■ What to produce
Please copy, word for word, the line holding "Galvanisiertes Lederetui mit" and each line that follows it through the end of the entries, omitting any pictures.
---------- Information
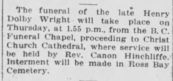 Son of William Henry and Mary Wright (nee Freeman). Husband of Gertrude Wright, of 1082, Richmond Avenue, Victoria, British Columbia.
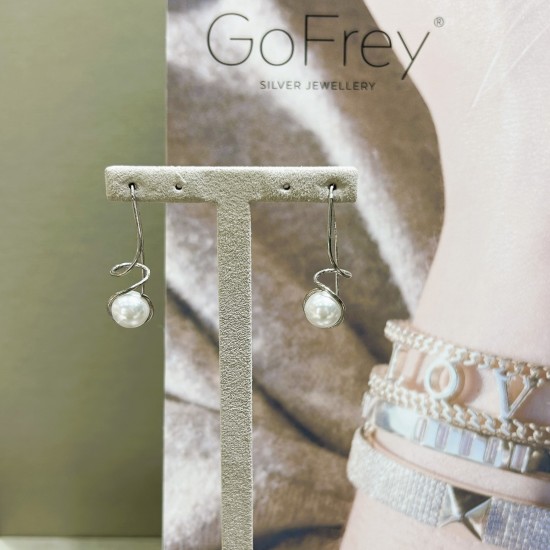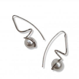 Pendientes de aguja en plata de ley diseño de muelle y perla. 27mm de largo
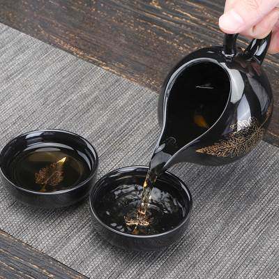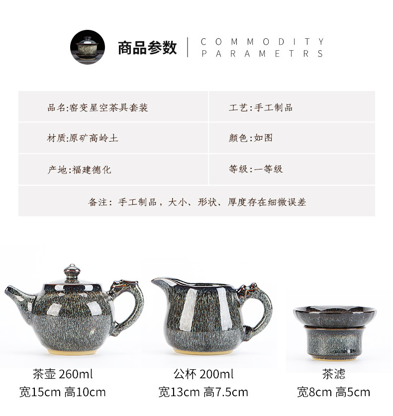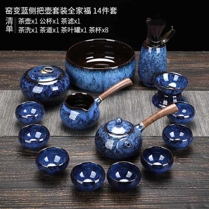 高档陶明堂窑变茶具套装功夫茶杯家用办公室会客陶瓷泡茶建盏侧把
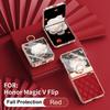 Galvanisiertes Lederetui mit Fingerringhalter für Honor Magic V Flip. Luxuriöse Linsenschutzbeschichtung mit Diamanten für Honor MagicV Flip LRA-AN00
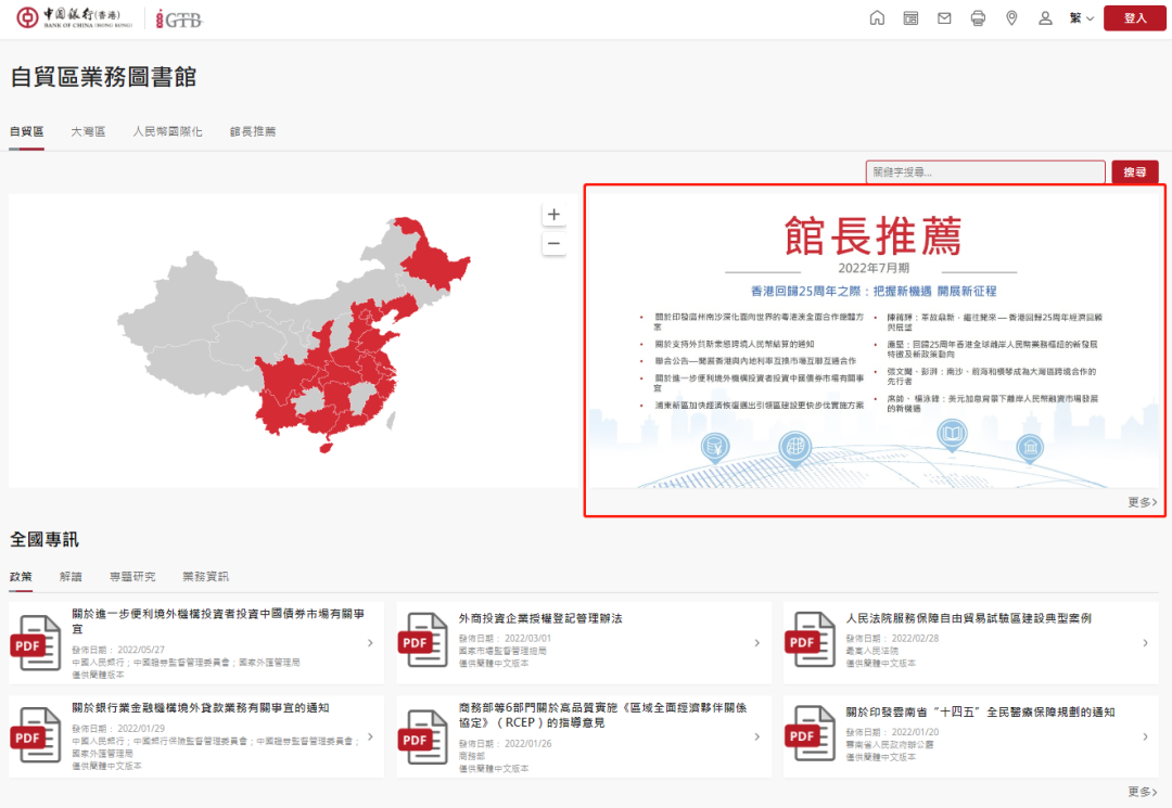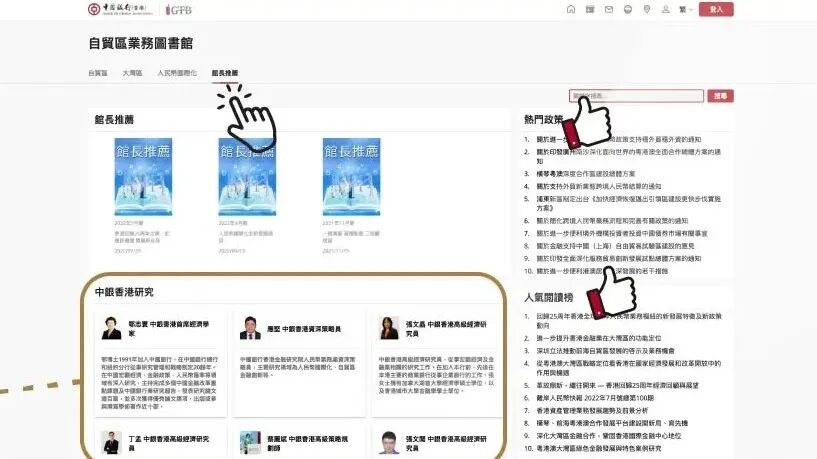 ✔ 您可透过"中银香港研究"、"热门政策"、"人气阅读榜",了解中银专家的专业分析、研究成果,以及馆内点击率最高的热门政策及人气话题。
--------------------
■ Output for this exercise
 Galvanisiertes Lederetui mit Fingerringhalter für Honor Magic V Flip. Luxuriöse Linsenschutzbeschichtung mit Diamanten für Honor MagicV Flip LRA-AN00
 ✔ 您可透过"中银香港研究"、"热门政策"、"人气阅读榜",了解中银专家的专业分析、研究成果,以及馆内点击率最高的热门政策及人气话题。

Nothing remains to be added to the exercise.